According to researchers, hackers have swapped out one such exploit from Neutrino, a popular underground exploit kit, in search of a more effective alternative.
Timo Hirvonen, a senior analyst at security firm F-Secure, discovered that since Monday, saboteurs had been taking advantage of CVE-2013-2463, which was patched in June for Java 7 but still exists in Java 6 because that platform is no longer supported unless customers have a special contract with Oracle.
But now, it appears the exploit for this vulnerability has been removed from Neutrino, Hirvonen told SCMagazine.com on Thursday. Attackers are experimenting with similar vulnerabilities that have been patched in Java 7, but not version 6.
In Oracle's June critical patch update advisory, eight flaws in Java Runtime Environment's 2D sub-component, which is used to draw two-dimensional graphics, were assigned the top score of 10 out of 10 on Oracle's implementation of the Common Vulnerability Scoring System (CVSS).

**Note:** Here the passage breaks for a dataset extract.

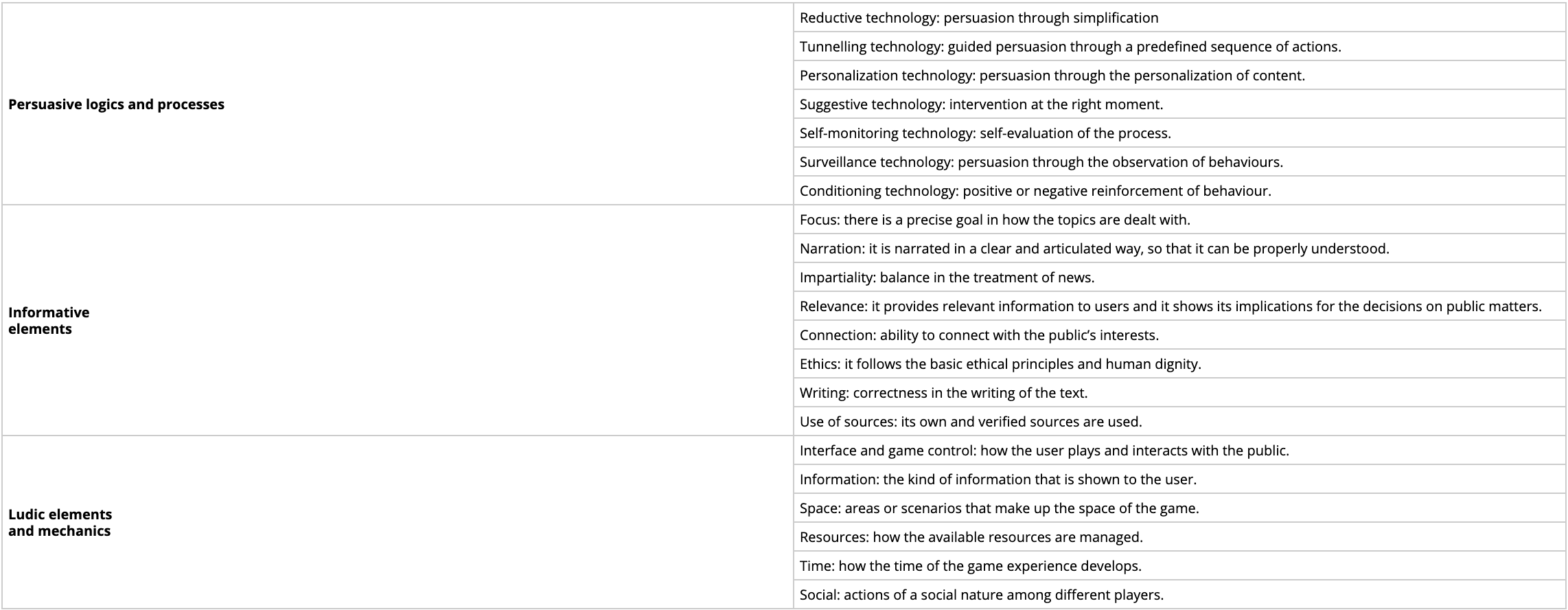 The research methodology is based on an exploratory analysis of the content, with the aim of identifying the mechanics, dynamics and narrative formulas used to show the verification processes. To carry out the analysis, a qualitative matrix was designed (Table 1) inspired by the works of García-Ortega and García-Avilés (2018), Planells (2015) and Fogg (2003). The analysis tool, which allows the journalistic and playful qualities of a newsgame to be measured, was tested in previous research (García-Ortega and García-Avilés, 2018). It also incorporates the catalogue of game mechanics established by Planells (2015) and the strategies and techniques of persuasion described by Fogg (2003).

So far, at least four of the bugs (CVE-2013-2463, 2471, 2465, and 2473) in the 2D sub-component of Java have been divulged in detail via proof-of-concept code being published online. The vulnerabilities leave Java users open to remote attack by attackers who do not require authentication, according to Oracle advisories.
Hirvonen said the four flaws are “highly similar,” but slight variances may have accounted for CVE-2013-2463 being nixed from the Neutrino exploit kit.
“It's actually very difficult to figure out how [they are] different exploits,” Hirvonen said of the disclosed bugs. “It's highly similar. I'm guessing what the cyber criminals will do is test which one of these exploits is the most reliable."
A researcher known as Kafeine said in a blog post that the that sellers of the exploit kit had already switched to another of the critical Java vulnerabilities, CVE-2013-2465, to determine if it was more effective in attacks.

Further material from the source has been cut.